Now that's an interesting thought, I wonder if you could use a modified subset of TypeScript to create a IDL/DDL for JSON-RPC. Then compile that schema into implementations for various target languages.

girvo|1 year ago

Same; at my previous job for the serialisation format for our embedded devices over 2G/4G/LoRaWAN/satellite I ended up landing on MessagePack, but that was partially because the "schema"/typed deserialisation was all in the same language for both the firmware and the server (Nim, in this case) and directly shared source-to-source. That won't work for a lot of cases of course, but it was quite nice for ours!

hansvm|1 year ago

> efficiency

State of the art for both gzipped json and protobufs is a few GB/s. Details matter (big strings, arrays, and binary data will push protos to 2x-10x faster in typical cases), but it's not the kind of landslide victory you'd get from a proper binary protocol. There isn't much need to feel like you're missing out.

jlouis|1 year ago

The big problem with Gzipped JSON is that once unzipped, it's gigantic. And you have to parse everything, even if you just need a few values. Just the memory bottleneck of having to munch through a string in JSON is going to slow down your parser by a ton. In contrast, a string in Protobuf is length-encoded.

5-10x is not uncommon, and that's kissing an order of magnitude difference.

imtringued|1 year ago

Yeah this is something people don't seem to want to get into their heads. If all you care is minimizing transferred bytes, then gzip+JSON is actually surprisingly competitive, to the point where you probably shouldn't even bother with anything else.

Meanwhile if you care about parsing speed, there is MessagePack and CBOR.

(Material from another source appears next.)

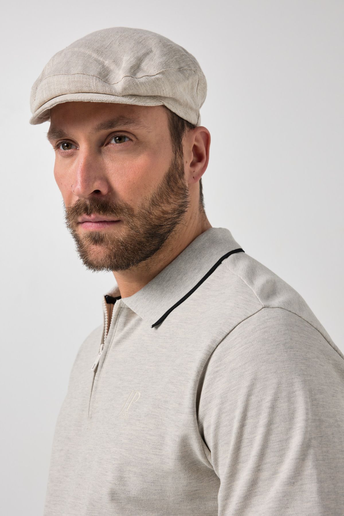 Шапка тип каскет от мека, ленена материя. Стил и елегантност в ежедневието.
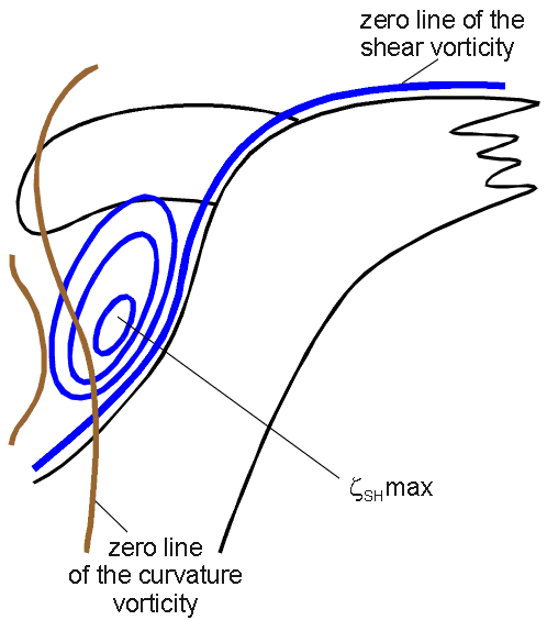 The whole cloudiness of the Occlusion is under the influence of warm advection. The warm advection maximum can be found in the centre of the cloud spiral, mostly close to the point of the Occlusion. The zero line of the temperature advection follows the rearward edge of the Occlusion cloud spiral - Zero line of the shear vorticity at 300 hPa:

If any form of parsing is too expensive for you, you're better off with FlatBuffers and capnproto.

Finally there is the holy grail: Use JIT compilation to generate "serialization" and "deserialization" code at runtime through schema negotiation, whenever you create a long lived connection. Since your protocol is unique for every (origin, destination) architecture+schema tuple, you can in theory write out the data in a way that the target machine can directly interpret as memory after sanity checking the pointers. This could beat JSON, MessagePack, CBOR, FlatBuffers and capnproto in a single "protocol".

And then there is protobuf/grpc, which seems to be in this weird place, where it is not particularly good at anything.

lowbloodsugar|1 year ago

Except gzip is tragically slow, so crippling protobuf by running it through gzip could indeed slow it down to json speeds.

ajross|1 year ago

That's sort of where I've landed too. Protobufs would seem to fit the problem area well, but in practice the space between "big-system non-performance-sensitive data transfer metaformat"[1] and "super-performance-sensitive custom binary parser"[2] is... actually really small.

There are just very few spots that actually "need" protobuf at a level of urgency that would justify walking away from self-describing text formats (which is a big, big disadvantage for binary formats!).

[1] Something very well served by JSON

[2] Network routing, stateful packet inspection, on-the-fly transcoding. Stuff that you'd never think to use a "standard format" for.

bboygravity|1 year ago

Add "everything that communicates with a microcontroller" to 2.

That means potentially: the majority of devices in the world.

malkia|1 year ago

Apart from being text format, I'm not sure how well JSON-RPC handles doubles vs long integers and other types, where protobuf can be directed to handle them appropriately. That is a problem in JSON itself, so you may neeed to encode some numbers using... "string"

dpeckett|1 year ago

I'd say the success of REST kind of proves that's something that for the most part can be worked around. Often comes down to the JSON codec itself, many codecs will allow unmarshalling/marshalling fields straight into long int types.

Also JS now has BigInt types and the JSON decoder can be told to use them. So I'd argue it's kind of a moot point at this stage.

mirekrusin|1 year ago

Also json parsers are crazy fast nowadays, most people don't realize how fast they are.

Cthulhu_|1 year ago

While true, it's still a text and usually http/tcp based format; data -> json representation -> compression? -> http -> tcp -> decompression -> parsing -> data. Translating to / from a text just feels inefficient.